[Data listing]
========

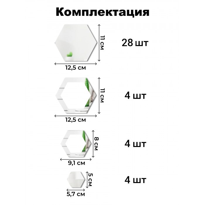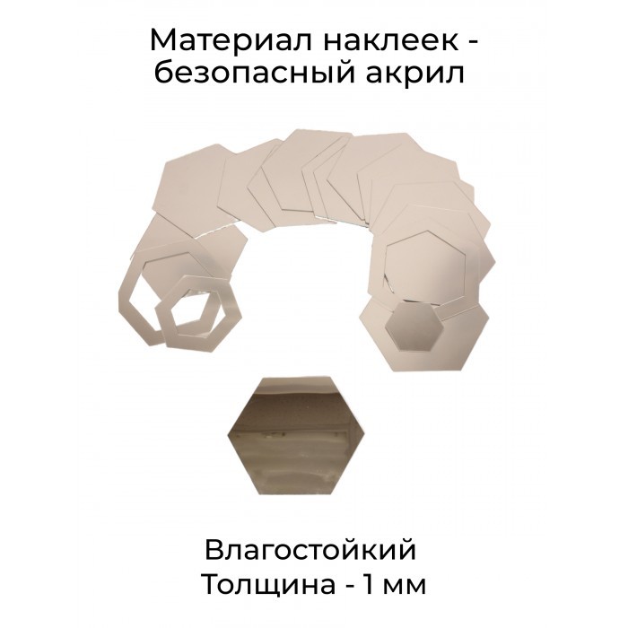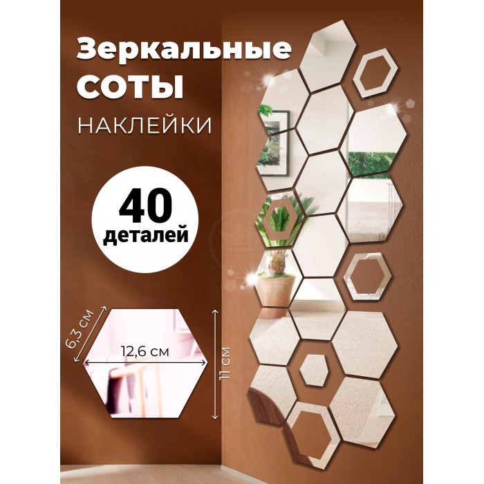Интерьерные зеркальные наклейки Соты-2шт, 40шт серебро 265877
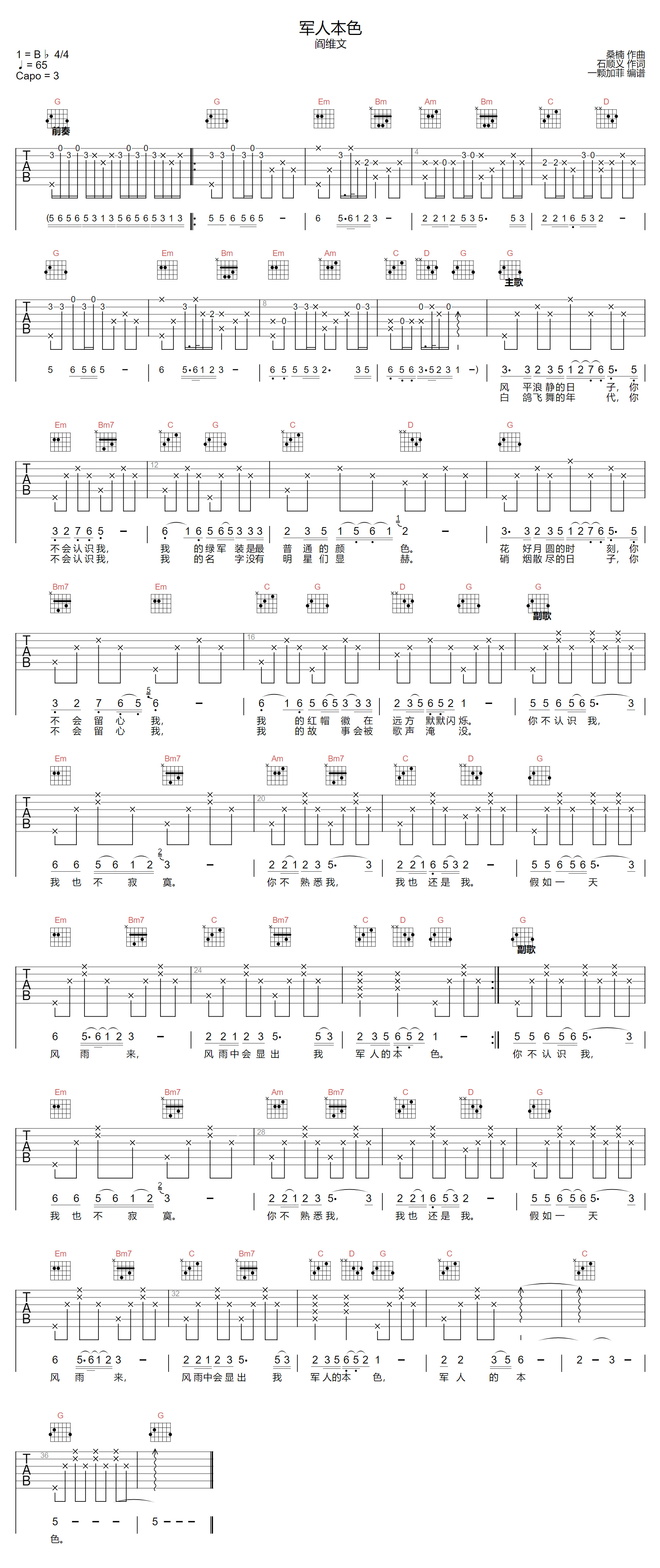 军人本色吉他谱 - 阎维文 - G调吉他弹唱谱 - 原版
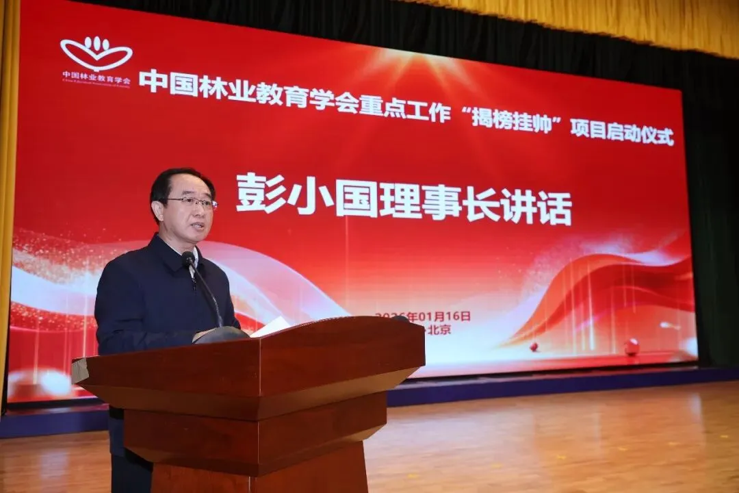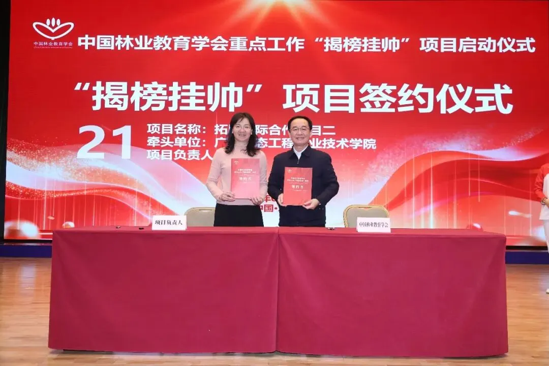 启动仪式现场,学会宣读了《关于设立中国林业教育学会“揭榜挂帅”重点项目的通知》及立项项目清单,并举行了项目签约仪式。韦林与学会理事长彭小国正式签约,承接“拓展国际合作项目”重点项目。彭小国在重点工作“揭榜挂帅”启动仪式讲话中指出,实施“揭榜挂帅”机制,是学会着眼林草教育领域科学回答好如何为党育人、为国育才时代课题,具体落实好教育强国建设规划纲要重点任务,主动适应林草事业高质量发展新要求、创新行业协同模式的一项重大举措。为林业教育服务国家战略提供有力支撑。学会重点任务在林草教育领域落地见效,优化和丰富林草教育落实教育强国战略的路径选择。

========

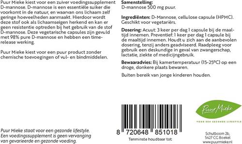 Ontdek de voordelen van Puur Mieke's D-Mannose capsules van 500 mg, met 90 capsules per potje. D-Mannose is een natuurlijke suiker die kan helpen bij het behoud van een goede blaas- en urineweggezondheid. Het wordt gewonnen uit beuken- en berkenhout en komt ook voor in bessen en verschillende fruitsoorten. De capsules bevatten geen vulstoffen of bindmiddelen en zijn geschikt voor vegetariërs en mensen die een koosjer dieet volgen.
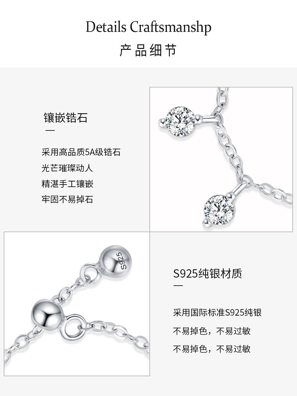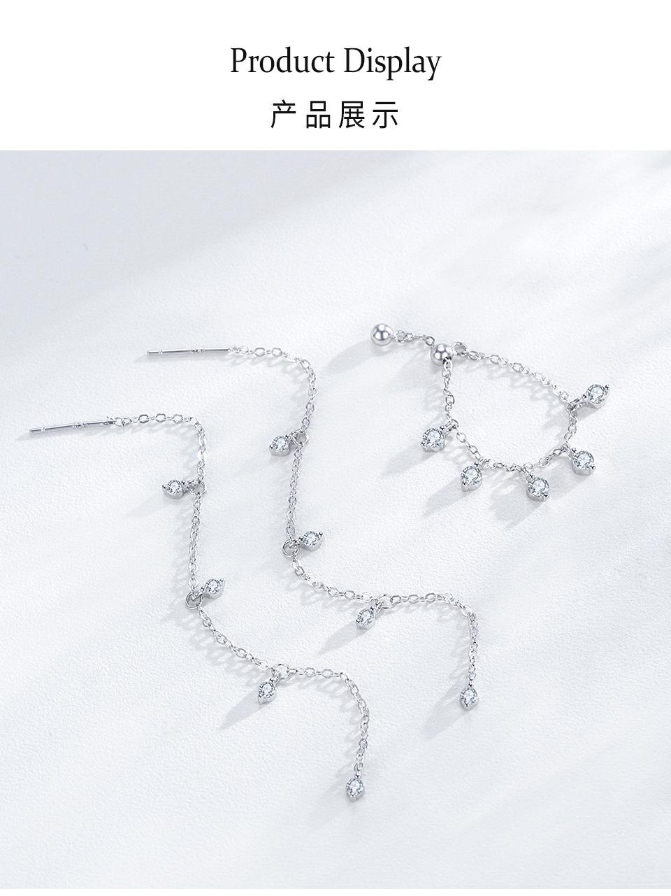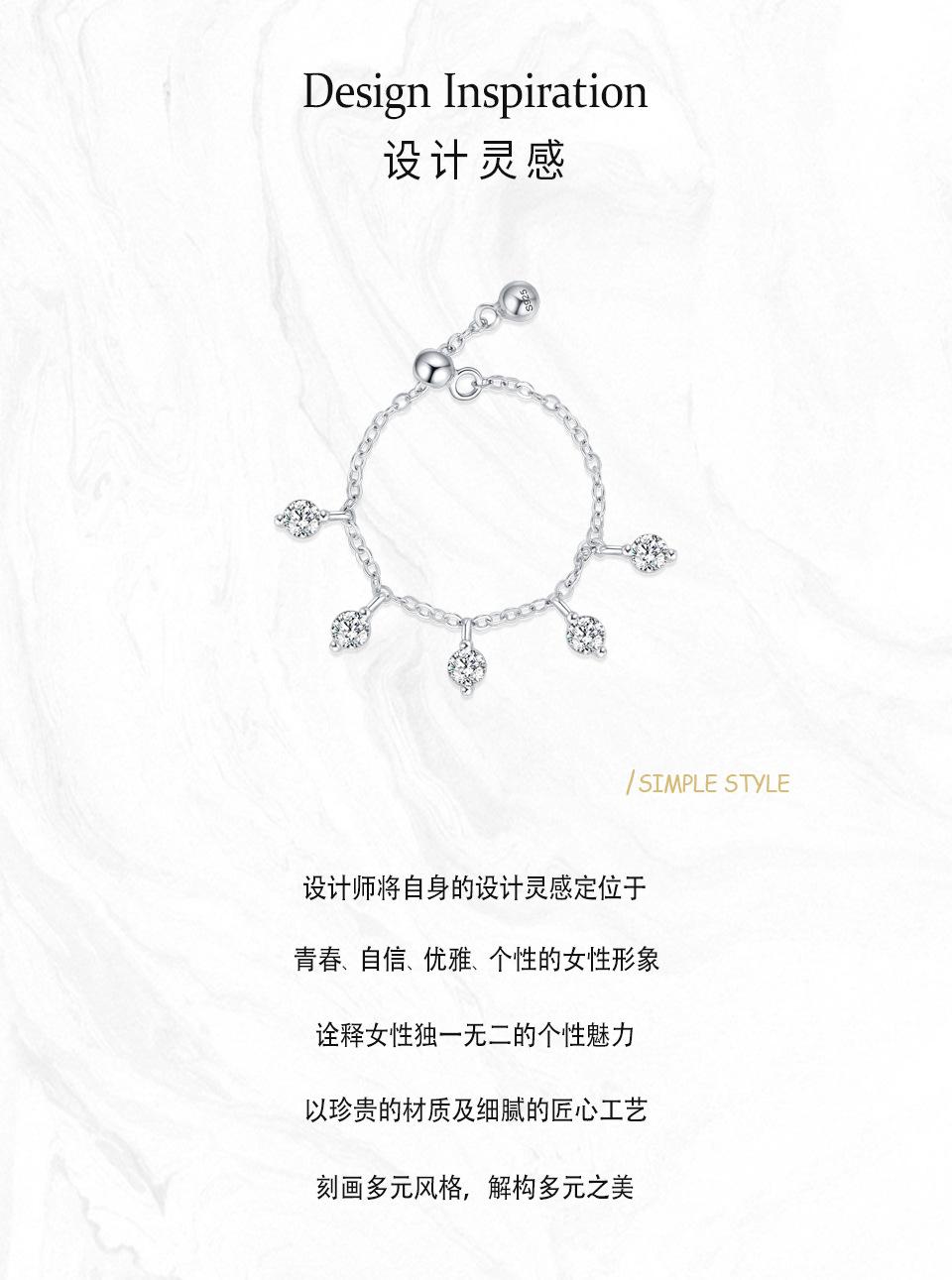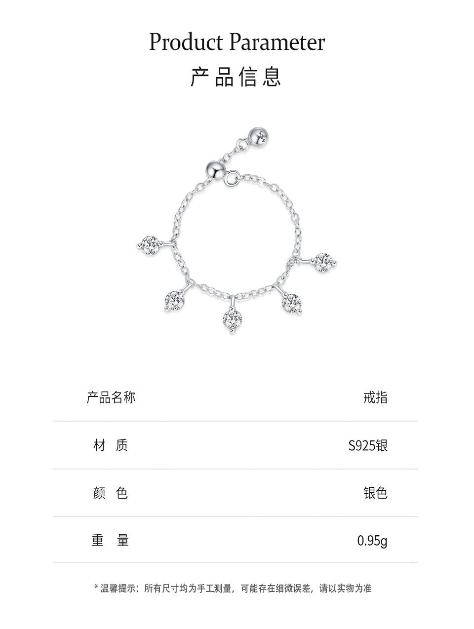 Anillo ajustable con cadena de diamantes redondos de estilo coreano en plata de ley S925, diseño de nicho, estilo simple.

========

Range to copy from the records above: the line containing "Интерьерные зеркальные наклейки" to the line containing "启动仪式现场,学会宣读了《关", both included. Output those lines exactly and only those, skipping pictures.

[Solution]
Интерьерные зеркальные наклейки Соты-2шт, 40шт серебро 265877
 军人本色吉他谱 - 阎维文 - G调吉他弹唱谱 - 原版
 启动仪式现场,学会宣读了《关于设立中国林业教育学会“揭榜挂帅”重点项目的通知》及立项项目清单,并举行了项目签约仪式。韦林与学会理事长彭小国正式签约,承接“拓展国际合作项目”重点项目。彭小国在重点工作“揭榜挂帅”启动仪式讲话中指出,实施“揭榜挂帅”机制,是学会着眼林草教育领域科学回答好如何为党育人、为国育才时代课题,具体落实好教育强国建设规划纲要重点任务,主动适应林草事业高质量发展新要求、创新行业协同模式的一项重大举措。为林业教育服务国家战略提供有力支撑。学会重点任务在林草教育领域落地见效,优化和丰富林草教育落实教育强国战略的路径选择。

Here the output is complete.